While visiting each of the Shooting Touch courts as part of onboarding, one thought kept returning: how can I meaningfully and respectfully deepen my connection to these communities this year? I was struck by how many beneficiaries remembered me across all six courts, a realization that my presence here has taken root in ways I don’t always recognize. Alongside this, supporting Grace and Lily during onboarding while tasked with contributing across a wider set of priorities this year has left me feeling both humbled by the trust placed in me by leadership, and grounded in my responsibility to show up thoughtfully for my team and the communities we serve. This year, that commitment takes shape in concrete ways: spending time more evenly across courts, listening more closely to our staff, coaches, and my peers, expanding my language skills, and contributing to the continued growth of Shooting Touch’s footprint in Kigali and through our engagement with international visitors.

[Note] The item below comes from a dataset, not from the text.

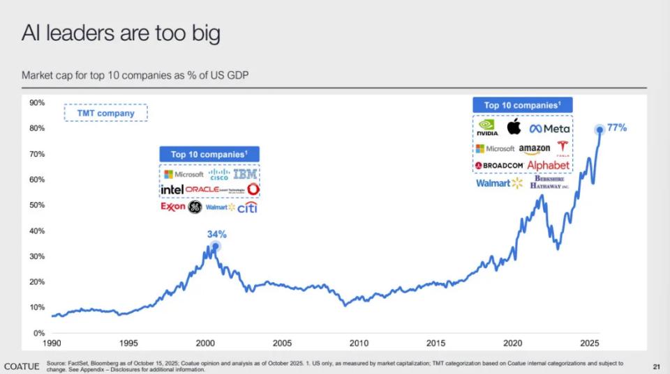 目前,美国前十大公司的市值总和已相当于GDP的77%,而在互联网泡沫时期,这一比例仅为34%。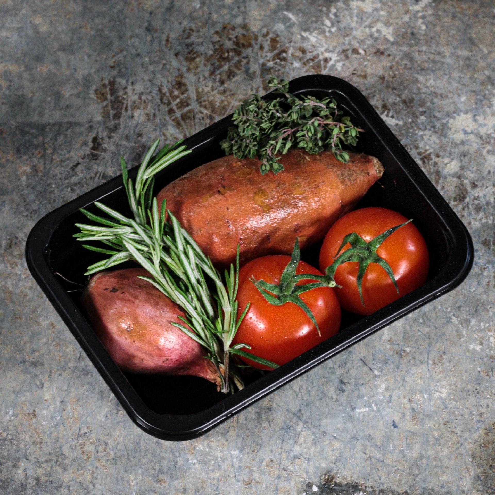 V párty balíčku nájdete: 2 ks paradajky, 2 ks batáty, 2 ks šalotka, rozmarín, tymián.

That sense of connection extends beyond the courts. Between this Fellowship cohort, I’ve noticed a closeness that goes deeper than shared responsibilities. As Fellows, we navigate similar transitions, responsibilities, and expectations, but spending time together beyond work (i.e., planning trips, setting personal and cohort goals, and enjoying new experiences as a group, etc.) makes it clear that our bond isn’t defined solely by circumstance. These moments remind me that the connections we’re building go beyond circumstance; we genuinely enjoy being in each other’s company, learning from one another, and growing together.

Sitting with this sense of cohesion, one word keeps returning to me as I look ahead to 2026: Community. For me, this word isn’t just a reflection. It is a compass for the year, guiding how I engage with others, nurture relationships, and invest in the places and people that matter. From my Fellowship cohort to my Rwandan colleagues to shopkeepers in the umudugudu (village), I feel called to lean into this bond. Participating in Umuganda later this month feels like a natural extension of this commitment - working alongside locals, strengthening relationships beyond the court, and contributing meaningfully to the Rwinkwavu community.

As January comes to a close, I feel revitalized, reconnected, and inspired to carry the spirit of community into every corner of this year. The quiet anxieties I carried before departure have softened, replaced by a deeper awareness that belonging is practiced, not earned, and that my role this year is to show up consistently, thoughtfully, and alongside those who shape this work with me. After all, home and community are not abstract ideas; they are cultivated one smile, one “Muraho,” and one shared effort at a time.